- **What this task involves**
Exact copies of all the lines below are wanted, without a single picture.

- **Data segment**
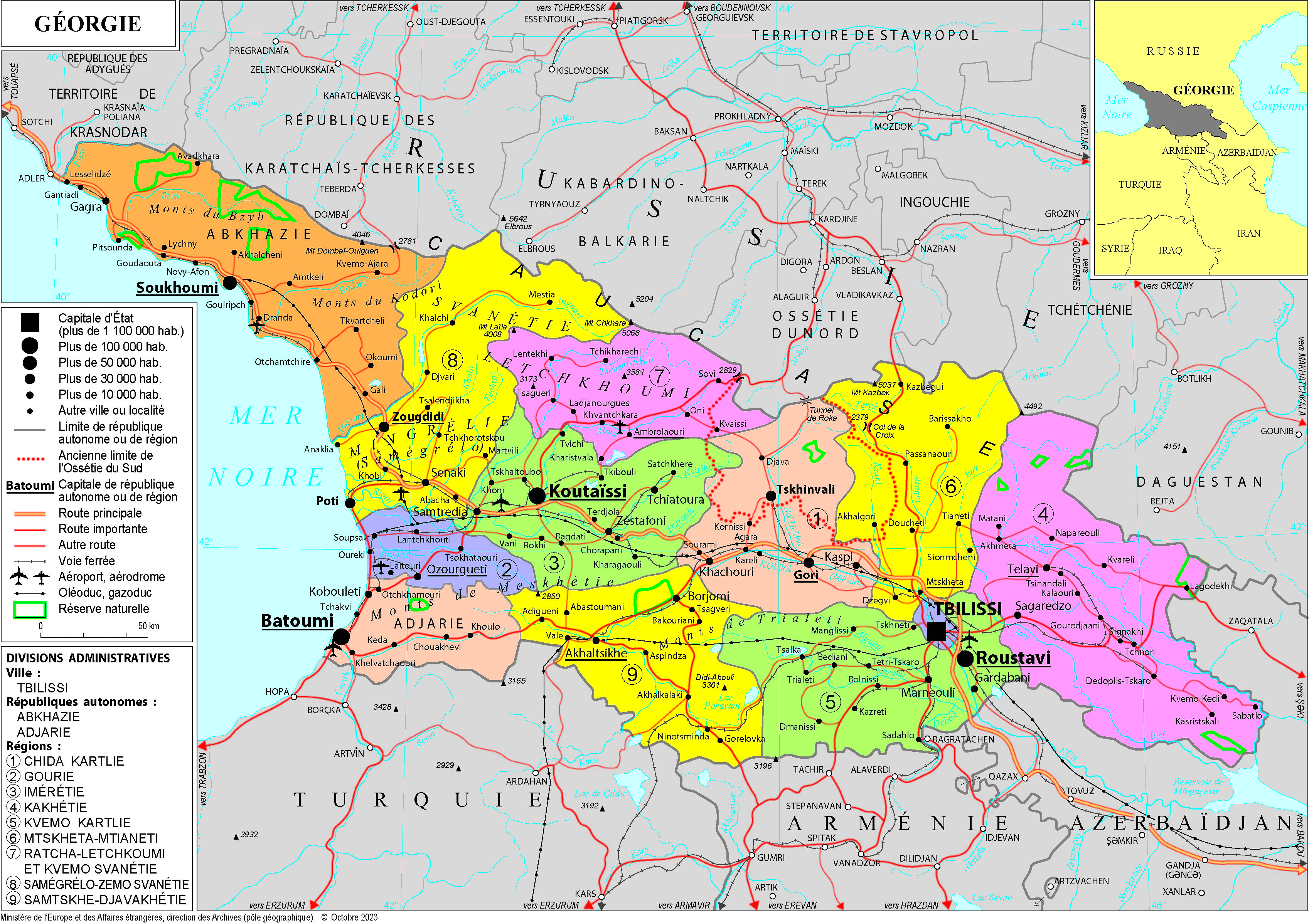 Géorgie Navigation latérale fiche pays Dans cette rubrique Géorgie Présentation de la Géorgie Conseils aux voyageurs Dernières minutes et alertes Sécurité Entrée / séjour Santé Informations utiles Voyages d'affaires Contacts utiles Politique et économie Relations bilatérales Présentation de la Géorgie Date de mise à jour le : 05 juin 2025 Information toujours valable à la date du jour Présentation du pays Données générales Nom officiel : GéorgieNature du régime : démocratie parlementaireChef de l’État : présidente de la Géorgie, Mme Salomé Zourabichvili (élue en novembre 2018, la prochaine élection présidentielle – devenue une élection au scrutin indirect – aura lieu en octobre 2024)Chef du gouvernement : Premier ministre, M. Irakli Kobakhidze (depuis le 8 février 2024). Données géographiques Superficie : 69 700 km²Capitale : Tbilissi (1,17 million d’habitants)Villes principales : Koutaïsi, Batoumi, RoustaviLangue officielle : géorgienLangues courantes : géorgien, russe, abkhaz, azéri, arménien, ossète.Monnaie : lari (GEL) (1 € = 2.85 GEL en octobre 2023).Fête nationale : 26 mai (proclamation de l’indépendance le 26 mai 1918 vis-à-vis de la République démocratique fédérative de Transcaucasie, définitivement acquise le 9 avril 1991). Données démographiques Population (au 1er janvier 2023) : 3 736 400Densité (2023) : 53,49 habitants/km²Croissance démographique (World Population Review, 2019) : - 0,15 %Espérance de vie (2023) : 73,7 ansTaux d’alphabétisation : 100 %Religions : orthodoxes (84 %), musulmans (10 %), chrétiens de rite arménien (4 %), catholiques (0,8 %)Indice de développement humain (HDI 2021) : 0,802 (63e rang sur 189) Politique intérieure Devenue indépendante de l’Union soviétique en 1991, la Géorgie a connu de profondes réformes à la suite de la « révolution des Roses » de novembre 2003 qui a conduit au pouvoir M. Mikhaïl Saakashvili, artisan d’une transformation de la Géorgie en démocratie à économie libérale de marché. La coalition « Rêve géorgien » emmenée par M. Bidzina Ivanishvili et arrivée au pouvoir en 2012, avait mis en œuvre en 2018 une ambitieuse réforme constitutionnelle.Toutefois, depuis 2019, la Géorgie fait face à une profonde crise politique après qu’un député communiste russe est intervenu au Parlement. En février 2021, l’arrestation du chef du principal parti d’opposition a provoqué la démission du Premier ministre et la formation d’un nouveau gouvernement conduit par Irakli Garibachvili.Les efforts de médiation de l’Union européenne ont abouti le 19 avril 2021 à un accord de compromis signé par le « Rêve géorgien » et une partie de l’opposition mais le parti gouvernemental a annoncé son retrait de l’accord le 29 juillet. Depuis cette date les tensions ont continué et se sont cristallisées autour des conditions de détention de M. Saakachvili, et de l’État de droit. Le système politique géorgien est plus que jamais marqué par une forte « polarisation » entre majorité et oppositions. La mise au vote du projet de loi sur « les agents de l’étranger », le 7 mars 2023, a suscité d’importantes manifestations et de vives réactions internationales, conduisant la majorité à retirer le projet. Le 14 décembre, l’octroi par le Conseil européen du statut de pays candidat à l’Union européenne à la Géorgie a été assorti de conditions ayant trait au cadre démocratique et à l’État de droit. Politique étrangère Depuis la révolution des Roses en 2003, la Géorgie a fait le choix stratégique du rapprochement avec l’Union européenne et l’OTAN. Lors du sommet de Bucarest de 2008, il a été indiqué à la Géorgie qu’elle avait à terme, vocation à rejoindre l’OTAN - organisation à laquelle le pays contribue militairement sur divers théâtres d’opération. Le rapprochement euro-atlantique a été inscrit dans la Constitution géorgienne à la suite d’un référendum organisé par le Président Mickaïl Saakachvili.La Géorgie est ainsi membre depuis 2009 du Partenariat oriental et est régulièrement présentée comme le pays le plus avancé sur le chemin des réformes. Le 27 juin 2014, la Géorgie a signé un accord d’association avec l’Union européenne, comprenant un accord de libre-échange complet et approfondi. La libéralisation du régime des visas de court séjour avec l’espace Schengen est intervenue le 28 mars 2017. La Géorgie, membre du Partenariat pour la paix depuis 1994, a été, parmi les pays non membres de l’OTAN, le plus important fournisseur de troupes en Afghanistan. Au sommet de Bucarest de 2008, les Alliés ont déclaré que la Géorgie avait « vocation à rejoindre l’Alliance atlantique » et lui ont octroyé en 2014 un « paquet substantiel » de mesures.A la suite du conflit de 2008, la Russie a étendu son emprise sur les provinces séparatistes d’Abkhazie et d’Ossétie du Sud, dont elle a reconnu l’indépendance et qu’elle entend progressivement détacher de la Géorgie. A cet effet, elle met en œuvre un processus actif de « frontiérisation » et signe divers accords de coopération stratégique avec les entités séparatistes. La France apporte un soutien constant à l’intégrité territoriale et la souveraineté de la Géorgie dans ses frontières internationalement reconnues.A la suite de l’invasion de l’Ukraine par la Russie, le Conseil européen du 23 juin 2022, suivant en cela les recommandations de la Commission, a décidé de reconnaître à la Géorgie « perspective européenne ». Le 14 décembre, l’octroi par le Conseil européen du statut de pays candidat à l’Union européenne à la Géorgie a été assorti de conditions ayant trait au cadre démocratique et à l’État de droit. Situation économique Grâce à d’importantes réformes structurelles, la Géorgie se situe dans le haut des classements internationaux,
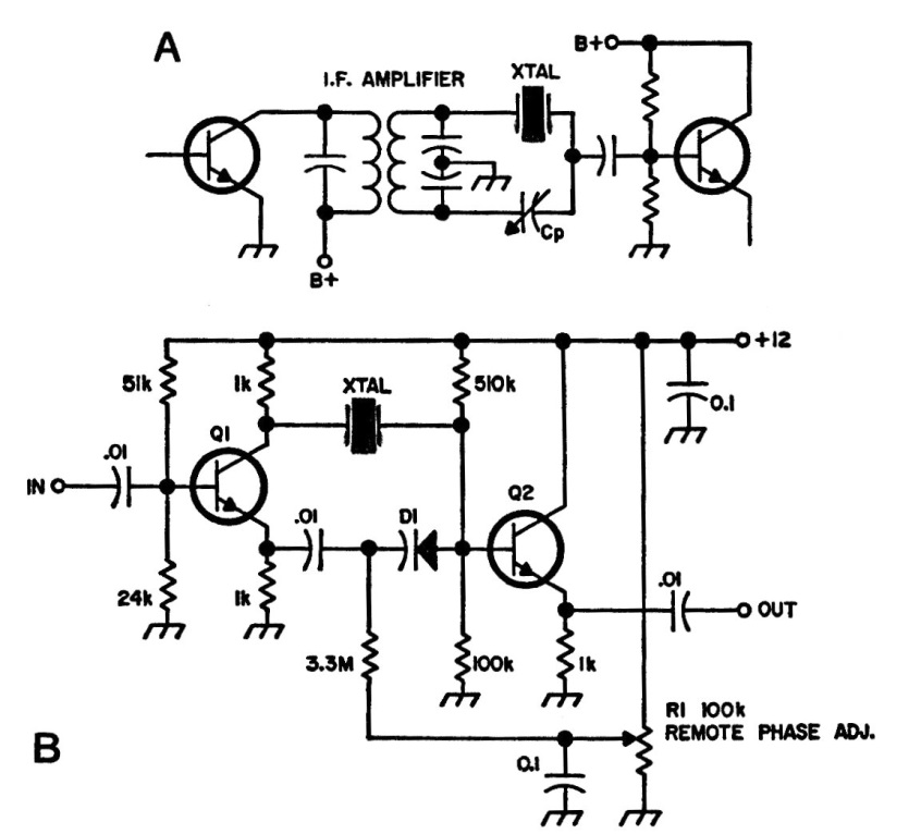 Below are two frequency filters for receivers using crystals. The crystals must have the frequency of the IF in the first case and in the second case the frequency of the signal that must pass. The circuit in the second case makes use of a varicap.
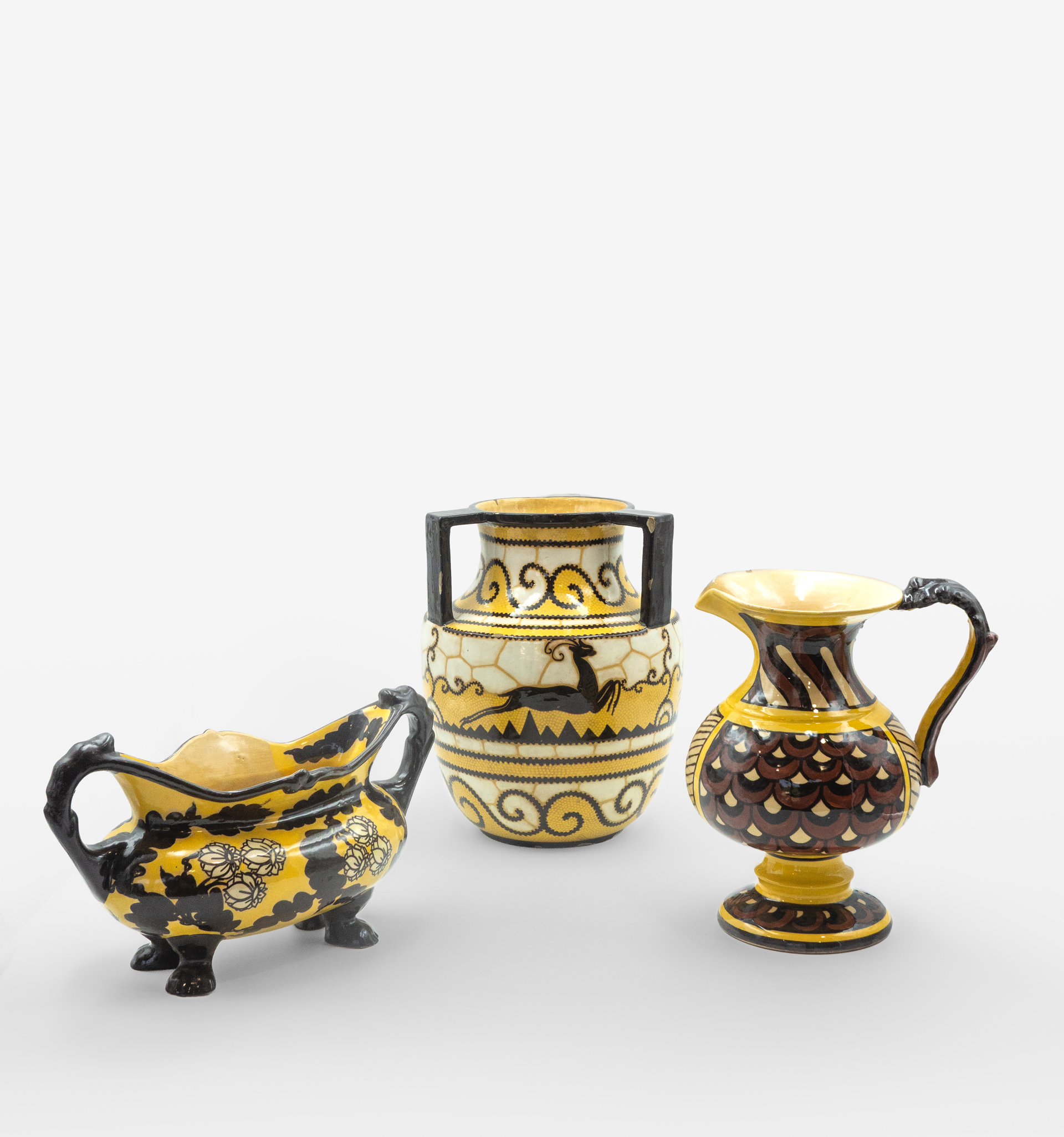 A sinistra: Centrotavola, decoro floreale, terracotta dipinta sotto cristallina. Manifattura: ILSA, Albissola Capo. Al centro: Vaso con manici retti, decoro ad animali su mosaico, terracotta dipinta sotto cristallina, fine anni ’20. Manifattura: ILSA, Albissola Capo. A destra: Brocca, decoro di gusto rinascimentale, metà anni Venti, maiolica. Manifattura: M.G.A. Mazzotti Albissola Marina Collezione Barbara Checcucci, Albisola Superiore. Photo: Claudio Pagnacco

- **Worked solution**
 Géorgie Navigation latérale fiche pays Dans cette rubrique Géorgie Présentation de la Géorgie Conseils aux voyageurs Dernières minutes et alertes Sécurité Entrée / séjour Santé Informations utiles Voyages d'affaires Contacts utiles Politique et économie Relations bilatérales Présentation de la Géorgie Date de mise à jour le : 05 juin 2025 Information toujours valable à la date du jour Présentation du pays Données générales Nom officiel : GéorgieNature du régime : démocratie parlementaireChef de l’État : présidente de la Géorgie, Mme Salomé Zourabichvili (élue en novembre 2018, la prochaine élection présidentielle – devenue une élection au scrutin indirect – aura lieu en octobre 2024)Chef du gouvernement : Premier ministre, M. Irakli Kobakhidze (depuis le 8 février 2024). Données géographiques Superficie : 69 700 km²Capitale : Tbilissi (1,17 million d’habitants)Villes principales : Koutaïsi, Batoumi, RoustaviLangue officielle : géorgienLangues courantes : géorgien, russe, abkhaz, azéri, arménien, ossète.Monnaie : lari (GEL) (1 € = 2.85 GEL en octobre 2023).Fête nationale : 26 mai (proclamation de l’indépendance le 26 mai 1918 vis-à-vis de la République démocratique fédérative de Transcaucasie, définitivement acquise le 9 avril 1991). Données démographiques Population (au 1er janvier 2023) : 3 736 400Densité (2023) : 53,49 habitants/km²Croissance démographique (World Population Review, 2019) : - 0,15 %Espérance de vie (2023) : 73,7 ansTaux d’alphabétisation : 100 %Religions : orthodoxes (84 %), musulmans (10 %), chrétiens de rite arménien (4 %), catholiques (0,8 %)Indice de développement humain (HDI 2021) : 0,802 (63e rang sur 189) Politique intérieure Devenue indépendante de l’Union soviétique en 1991, la Géorgie a connu de profondes réformes à la suite de la « révolution des Roses » de novembre 2003 qui a conduit au pouvoir M. Mikhaïl Saakashvili, artisan d’une transformation de la Géorgie en démocratie à économie libérale de marché. La coalition « Rêve géorgien » emmenée par M. Bidzina Ivanishvili et arrivée au pouvoir en 2012, avait mis en œuvre en 2018 une ambitieuse réforme constitutionnelle.Toutefois, depuis 2019, la Géorgie fait face à une profonde crise politique après qu’un député communiste russe est intervenu au Parlement. En février 2021, l’arrestation du chef du principal parti d’opposition a provoqué la démission du Premier ministre et la formation d’un nouveau gouvernement conduit par Irakli Garibachvili.Les efforts de médiation de l’Union européenne ont abouti le 19 avril 2021 à un accord de compromis signé par le « Rêve géorgien » et une partie de l’opposition mais le parti gouvernemental a annoncé son retrait de l’accord le 29 juillet. Depuis cette date les tensions ont continué et se sont cristallisées autour des conditions de détention de M. Saakachvili, et de l’État de droit. Le système politique géorgien est plus que jamais marqué par une forte « polarisation » entre majorité et oppositions. La mise au vote du projet de loi sur « les agents de l’étranger », le 7 mars 2023, a suscité d’importantes manifestations et de vives réactions internationales, conduisant la majorité à retirer le projet. Le 14 décembre, l’octroi par le Conseil européen du statut de pays candidat à l’Union européenne à la Géorgie a été assorti de conditions ayant trait au cadre démocratique et à l’État de droit. Politique étrangère Depuis la révolution des Roses en 2003, la Géorgie a fait le choix stratégique du rapprochement avec l’Union européenne et l’OTAN. Lors du sommet de Bucarest de 2008, il a été indiqué à la Géorgie qu’elle avait à terme, vocation à rejoindre l’OTAN - organisation à laquelle le pays contribue militairement sur divers théâtres d’opération. Le rapprochement euro-atlantique a été inscrit dans la Constitution géorgienne à la suite d’un référendum organisé par le Président Mickaïl Saakachvili.La Géorgie est ainsi membre depuis 2009 du Partenariat oriental et est régulièrement présentée comme le pays le plus avancé sur le chemin des réformes. Le 27 juin 2014, la Géorgie a signé un accord d’association avec l’Union européenne, comprenant un accord de libre-échange complet et approfondi. La libéralisation du régime des visas de court séjour avec l’espace Schengen est intervenue le 28 mars 2017. La Géorgie, membre du Partenariat pour la paix depuis 1994, a été, parmi les pays non membres de l’OTAN, le plus important fournisseur de troupes en Afghanistan. Au sommet de Bucarest de 2008, les Alliés ont déclaré que la Géorgie avait « vocation à rejoindre l’Alliance atlantique » et lui ont octroyé en 2014 un « paquet substantiel » de mesures.A la suite du conflit de 2008, la Russie a étendu son emprise sur les provinces séparatistes d’Abkhazie et d’Ossétie du Sud, dont elle a reconnu l’indépendance et qu’elle entend progressivement détacher de la Géorgie. A cet effet, elle met en œuvre un processus actif de « frontiérisation » et signe divers accords de coopération stratégique avec les entités séparatistes. La France apporte un soutien constant à l’intégrité territoriale et la souveraineté de la Géorgie dans ses frontières internationalement reconnues.A la suite de l’invasion de l’Ukraine par la Russie, le Conseil européen du 23 juin 2022, suivant en cela les recommandations de la Commission, a décidé de reconnaître à la Géorgie « perspective européenne ». Le 14 décembre, l’octroi par le Conseil européen du statut de pays candidat à l’Union européenne à la Géorgie a été assorti de conditions ayant trait au cadre démocratique et à l’État de droit. Situation économique Grâce à d’importantes réformes structurelles, la Géorgie se situe dans le haut des classements internationaux,
 Below are two frequency filters for receivers using crystals. The crystals must have the frequency of the IF in the first case and in the second case the frequency of the signal that must pass. The circuit in the second case makes use of a varicap.
 A sinistra: Centrotavola, decoro floreale, terracotta dipinta sotto cristallina. Manifattura: ILSA, Albissola Capo. Al centro: Vaso con manici retti, decoro ad animali su mosaico, terracotta dipinta sotto cristallina, fine anni ’20. Manifattura: ILSA, Albissola Capo. A destra: Brocca, decoro di gusto rinascimentale, metà anni Venti, maiolica. Manifattura: M.G.A. Mazzotti Albissola Marina Collezione Barbara Checcucci, Albisola Superiore. Photo: Claudio Pagnacco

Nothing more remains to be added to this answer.